A less than three-hour hexachrome modification of Movat's pentachrome stain is described, its various steps discussed, and its principal uses in histopathology presented. The hexachrome procedure consistently yields good results, with excellent and colorful differentiation of muscle, various connective tissue components, mucinous secretions and intra-cytoplasmic structures in human and animal tissues obtained surgically or at autopsy. Alternative abbreviated procedures for muscle-connective tissue differential staining and for study of nuclear detail are also described.     

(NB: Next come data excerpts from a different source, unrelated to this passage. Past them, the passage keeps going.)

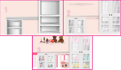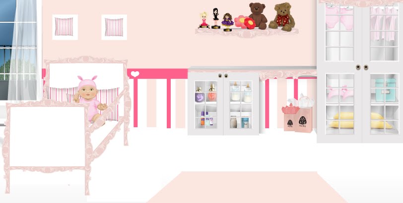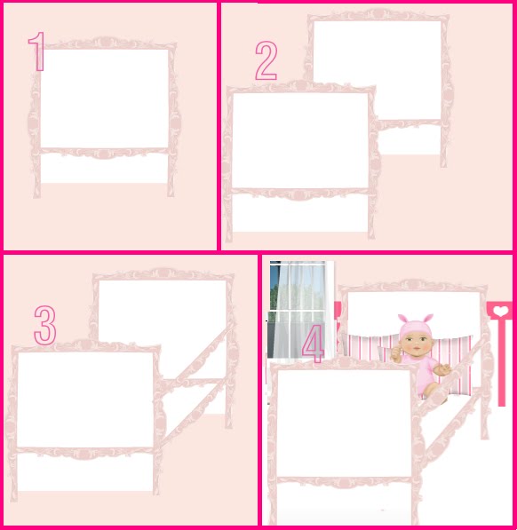 1: Use o quadrado do desenhe decoração para fazer o berço. coloque as prateleiras rosa.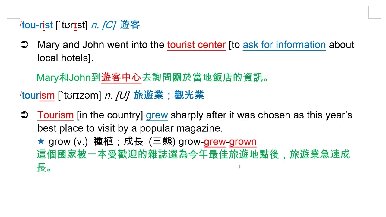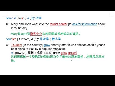 載入中... 相關課程 Back tourist [`tʊrɪst] n. [C] 遊客 相關課程 0 / 750 登入觀看 ⇐ Use this menu to view and help create subtitles for this video in many different languages. You'll probably want to hide YouTube's captions if using these subtitles. tourist [`tʊrɪst] n. [C] 遊客 上傳學習單 下載學習單
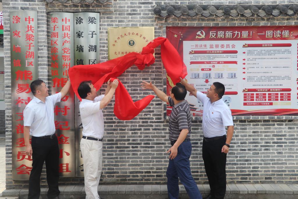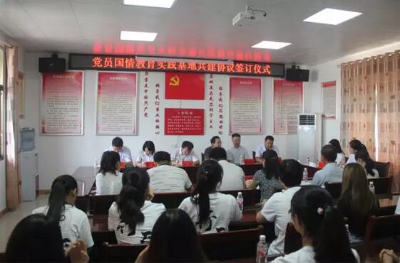 曾艳副书记和范爱国书记签署了建立党员国情教育实践基地协议书,并为范书记颁发了实习实践导师聘书。连海江副部长、徐辉部长、戴胜利副院长,范爱国书记共同为基地揭牌。全体人员还参观了熊易村乡村记忆馆、党员活动室。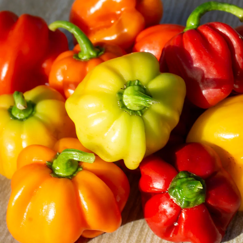 Scotch Bonnet ist eine der schärfsten Chili Sorten. Sie kommen aus der Karibik und verleihen Gerichten ein exotisches Flair.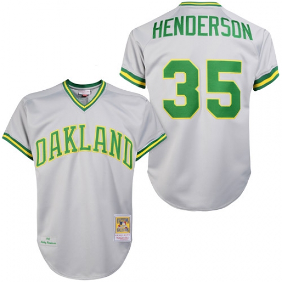 Home>MLB>Oakland Athletics>Rickey Henderson>Men's Mitchell and Ness Oakland Athletics #35 Rickey Henderson Replica Grey 1981 Throwback MLB Jersey

A Modification of the Tannic Acid Phosphomolybdic Acid-Dye Stain for Demonstrating Myoepithelial Cells in Formalin Fixed Tissue

A modified tannic acid-phosphomolybdic acid-dye procedure is used for staining myoepithelial cells in formalin fixed surgical and autopsy material. Paraffin section are brought to water, mordanted for 1 hr in Bouin's fixative previously heated to 56 C, cooled while still in Bouin's, rinsed in tap water until sections are colorless, rinsed in distilled water, treated with 5% aqueous tannic acid 5-20 min, rinsed in distilled water 30 sec or less, treated with 1% aqueous phosphomolybdic acid 10-15 min, rinsed 30 sec in distilled water, rinsed in methanol, stained 1 hr in a saturated solution of amido black or phloxine B in 9:l methanol:acetic acid, rinsed in 9:l methanol:acetic acid, dehydrated, cleared and mounted. Myoepithelial cells of sweat, lacrimal, salivary, bronchial, and mammary glands are blue-green with amido black or pink with phloxine B. Fine processes of myoepithelial cells are well delineated. Background staining is minimal and the procedure is highly reproducible.